| Data |

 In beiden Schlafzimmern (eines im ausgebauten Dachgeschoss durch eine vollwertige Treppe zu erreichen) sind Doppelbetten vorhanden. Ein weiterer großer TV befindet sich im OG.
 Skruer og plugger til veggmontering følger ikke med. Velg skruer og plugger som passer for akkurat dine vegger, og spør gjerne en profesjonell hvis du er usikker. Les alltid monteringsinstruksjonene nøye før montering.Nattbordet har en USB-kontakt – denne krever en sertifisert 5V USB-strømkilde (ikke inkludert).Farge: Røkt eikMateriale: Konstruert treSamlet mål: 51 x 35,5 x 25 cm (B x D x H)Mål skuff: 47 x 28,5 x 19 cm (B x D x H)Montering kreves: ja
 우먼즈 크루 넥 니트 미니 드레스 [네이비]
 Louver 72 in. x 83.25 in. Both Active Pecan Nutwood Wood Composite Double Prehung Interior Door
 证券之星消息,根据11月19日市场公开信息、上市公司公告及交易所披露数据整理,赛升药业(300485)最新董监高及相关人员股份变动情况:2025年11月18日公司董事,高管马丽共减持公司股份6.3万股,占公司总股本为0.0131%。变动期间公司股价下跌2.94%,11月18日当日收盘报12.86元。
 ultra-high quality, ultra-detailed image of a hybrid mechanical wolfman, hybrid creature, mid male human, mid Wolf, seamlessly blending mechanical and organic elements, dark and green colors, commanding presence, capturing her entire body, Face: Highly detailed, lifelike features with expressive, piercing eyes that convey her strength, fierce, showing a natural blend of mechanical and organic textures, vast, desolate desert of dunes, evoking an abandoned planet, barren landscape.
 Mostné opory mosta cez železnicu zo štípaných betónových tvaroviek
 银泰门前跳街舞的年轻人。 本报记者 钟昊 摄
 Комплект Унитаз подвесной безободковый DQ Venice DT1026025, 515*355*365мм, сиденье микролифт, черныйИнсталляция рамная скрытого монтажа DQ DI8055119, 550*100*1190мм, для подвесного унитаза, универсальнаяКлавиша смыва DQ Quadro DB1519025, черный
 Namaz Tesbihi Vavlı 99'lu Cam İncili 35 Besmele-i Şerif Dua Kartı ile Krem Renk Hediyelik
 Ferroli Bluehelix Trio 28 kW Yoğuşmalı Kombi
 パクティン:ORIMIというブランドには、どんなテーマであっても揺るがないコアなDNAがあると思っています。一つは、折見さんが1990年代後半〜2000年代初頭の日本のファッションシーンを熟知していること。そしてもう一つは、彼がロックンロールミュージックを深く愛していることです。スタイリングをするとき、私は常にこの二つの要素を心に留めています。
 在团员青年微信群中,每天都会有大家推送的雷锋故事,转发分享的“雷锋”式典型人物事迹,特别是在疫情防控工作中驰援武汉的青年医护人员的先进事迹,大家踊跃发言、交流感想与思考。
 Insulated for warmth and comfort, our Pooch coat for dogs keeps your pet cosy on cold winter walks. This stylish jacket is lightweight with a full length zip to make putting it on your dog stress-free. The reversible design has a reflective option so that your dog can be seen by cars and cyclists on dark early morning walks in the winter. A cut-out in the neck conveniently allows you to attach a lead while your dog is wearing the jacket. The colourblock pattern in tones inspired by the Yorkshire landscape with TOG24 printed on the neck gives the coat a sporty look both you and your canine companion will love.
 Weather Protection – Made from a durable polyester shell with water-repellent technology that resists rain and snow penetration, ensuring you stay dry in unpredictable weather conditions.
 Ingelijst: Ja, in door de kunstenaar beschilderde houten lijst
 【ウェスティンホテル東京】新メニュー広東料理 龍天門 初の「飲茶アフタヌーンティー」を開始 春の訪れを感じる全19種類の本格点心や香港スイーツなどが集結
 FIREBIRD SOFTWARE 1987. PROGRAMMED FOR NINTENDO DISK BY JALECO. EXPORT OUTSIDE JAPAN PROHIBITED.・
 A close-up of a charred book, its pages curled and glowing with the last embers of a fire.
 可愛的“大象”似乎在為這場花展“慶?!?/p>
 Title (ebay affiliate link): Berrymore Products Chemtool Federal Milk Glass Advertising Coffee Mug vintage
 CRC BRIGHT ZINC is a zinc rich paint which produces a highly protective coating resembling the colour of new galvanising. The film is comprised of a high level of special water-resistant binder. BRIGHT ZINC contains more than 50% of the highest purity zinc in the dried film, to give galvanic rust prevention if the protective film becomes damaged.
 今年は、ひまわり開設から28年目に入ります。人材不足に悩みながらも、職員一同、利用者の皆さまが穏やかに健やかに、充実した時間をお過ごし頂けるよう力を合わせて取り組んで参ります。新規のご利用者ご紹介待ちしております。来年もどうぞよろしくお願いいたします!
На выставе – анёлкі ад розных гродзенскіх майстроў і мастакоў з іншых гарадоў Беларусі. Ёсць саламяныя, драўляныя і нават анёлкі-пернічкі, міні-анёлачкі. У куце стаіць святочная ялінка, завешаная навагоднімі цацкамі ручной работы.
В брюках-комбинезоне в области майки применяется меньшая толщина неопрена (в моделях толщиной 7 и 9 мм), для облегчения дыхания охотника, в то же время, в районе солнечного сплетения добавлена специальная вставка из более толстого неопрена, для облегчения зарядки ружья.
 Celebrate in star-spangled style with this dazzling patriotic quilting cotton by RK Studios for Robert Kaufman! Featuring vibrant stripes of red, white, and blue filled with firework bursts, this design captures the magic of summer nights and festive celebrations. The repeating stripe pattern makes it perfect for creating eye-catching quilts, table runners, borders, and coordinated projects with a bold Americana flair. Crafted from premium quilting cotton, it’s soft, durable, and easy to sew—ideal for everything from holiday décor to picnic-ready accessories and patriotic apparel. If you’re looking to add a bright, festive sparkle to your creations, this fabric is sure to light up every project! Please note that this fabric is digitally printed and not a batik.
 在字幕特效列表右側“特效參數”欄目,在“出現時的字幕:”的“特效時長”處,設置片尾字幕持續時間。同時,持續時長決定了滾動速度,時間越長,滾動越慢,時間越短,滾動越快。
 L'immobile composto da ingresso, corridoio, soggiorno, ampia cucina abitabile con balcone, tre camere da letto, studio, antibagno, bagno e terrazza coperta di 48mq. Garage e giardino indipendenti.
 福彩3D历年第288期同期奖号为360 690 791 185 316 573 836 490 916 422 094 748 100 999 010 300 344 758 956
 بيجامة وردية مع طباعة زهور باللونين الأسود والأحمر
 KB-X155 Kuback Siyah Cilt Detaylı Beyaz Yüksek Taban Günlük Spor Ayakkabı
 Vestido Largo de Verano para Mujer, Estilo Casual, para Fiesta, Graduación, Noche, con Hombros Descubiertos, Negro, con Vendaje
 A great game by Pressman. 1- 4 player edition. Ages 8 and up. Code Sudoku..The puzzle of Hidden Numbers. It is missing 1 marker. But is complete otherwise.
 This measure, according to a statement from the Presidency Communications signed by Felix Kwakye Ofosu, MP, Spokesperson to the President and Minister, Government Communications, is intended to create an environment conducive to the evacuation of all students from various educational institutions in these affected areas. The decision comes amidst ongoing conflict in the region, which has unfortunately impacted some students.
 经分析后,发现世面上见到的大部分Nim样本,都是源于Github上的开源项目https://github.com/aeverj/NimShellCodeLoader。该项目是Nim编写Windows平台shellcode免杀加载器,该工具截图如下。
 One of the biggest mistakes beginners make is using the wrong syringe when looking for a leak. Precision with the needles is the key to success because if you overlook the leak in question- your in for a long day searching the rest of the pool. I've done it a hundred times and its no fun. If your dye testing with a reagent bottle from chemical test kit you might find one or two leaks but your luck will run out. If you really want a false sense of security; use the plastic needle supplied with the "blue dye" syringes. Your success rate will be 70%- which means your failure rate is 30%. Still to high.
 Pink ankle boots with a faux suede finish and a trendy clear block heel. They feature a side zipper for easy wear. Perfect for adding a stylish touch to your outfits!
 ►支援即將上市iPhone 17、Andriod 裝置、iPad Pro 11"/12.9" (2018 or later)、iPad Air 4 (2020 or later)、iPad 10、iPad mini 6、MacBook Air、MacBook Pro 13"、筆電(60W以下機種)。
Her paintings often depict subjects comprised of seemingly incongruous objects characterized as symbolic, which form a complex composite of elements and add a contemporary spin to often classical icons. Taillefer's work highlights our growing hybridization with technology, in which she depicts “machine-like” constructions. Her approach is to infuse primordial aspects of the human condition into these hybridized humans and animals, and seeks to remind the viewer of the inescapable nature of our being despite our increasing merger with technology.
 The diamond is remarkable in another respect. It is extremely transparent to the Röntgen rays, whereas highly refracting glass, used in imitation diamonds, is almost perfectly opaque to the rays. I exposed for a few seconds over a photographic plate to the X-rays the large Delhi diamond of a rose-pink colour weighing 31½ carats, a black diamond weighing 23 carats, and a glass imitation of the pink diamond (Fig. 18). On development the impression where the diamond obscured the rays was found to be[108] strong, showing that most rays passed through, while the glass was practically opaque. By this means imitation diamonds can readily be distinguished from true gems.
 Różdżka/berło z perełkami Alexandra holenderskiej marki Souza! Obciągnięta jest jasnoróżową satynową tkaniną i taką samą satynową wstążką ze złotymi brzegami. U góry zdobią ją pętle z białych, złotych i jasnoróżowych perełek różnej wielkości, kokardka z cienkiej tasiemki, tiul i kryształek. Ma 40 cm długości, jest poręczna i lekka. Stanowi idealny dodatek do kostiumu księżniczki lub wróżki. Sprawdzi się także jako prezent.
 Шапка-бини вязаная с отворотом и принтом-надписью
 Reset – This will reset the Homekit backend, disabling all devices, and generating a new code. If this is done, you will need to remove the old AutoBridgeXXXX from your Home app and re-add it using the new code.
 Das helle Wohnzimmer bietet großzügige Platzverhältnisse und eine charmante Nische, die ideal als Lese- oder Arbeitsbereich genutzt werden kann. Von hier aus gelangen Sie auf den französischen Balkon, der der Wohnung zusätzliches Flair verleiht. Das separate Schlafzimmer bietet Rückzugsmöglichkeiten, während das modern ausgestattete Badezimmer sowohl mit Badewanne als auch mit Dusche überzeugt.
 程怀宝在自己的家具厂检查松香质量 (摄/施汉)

| Exercise prompt |
Give back exactly what runs from the first line of the listing above to the line that contains "Skruer og plugger til", keeping both end lines.

| Expected answer |
 In beiden Schlafzimmern (eines im ausgebauten Dachgeschoss durch eine vollwertige Treppe zu erreichen) sind Doppelbetten vorhanden. Ein weiterer großer TV befindet sich im OG.
 Skruer og plugger til veggmontering følger ikke med. Velg skruer og plugger som passer for akkurat dine vegger, og spør gjerne en profesjonell hvis du er usikker. Les alltid monteringsinstruksjonene nøye før montering.Nattbordet har en USB-kontakt – denne krever en sertifisert 5V USB-strømkilde (ikke inkludert).Farge: Røkt eikMateriale: Konstruert treSamlet mål: 51 x 35,5 x 25 cm (B x D x H)Mål skuff: 47 x 28,5 x 19 cm (B x D x H)Montering kreves: ja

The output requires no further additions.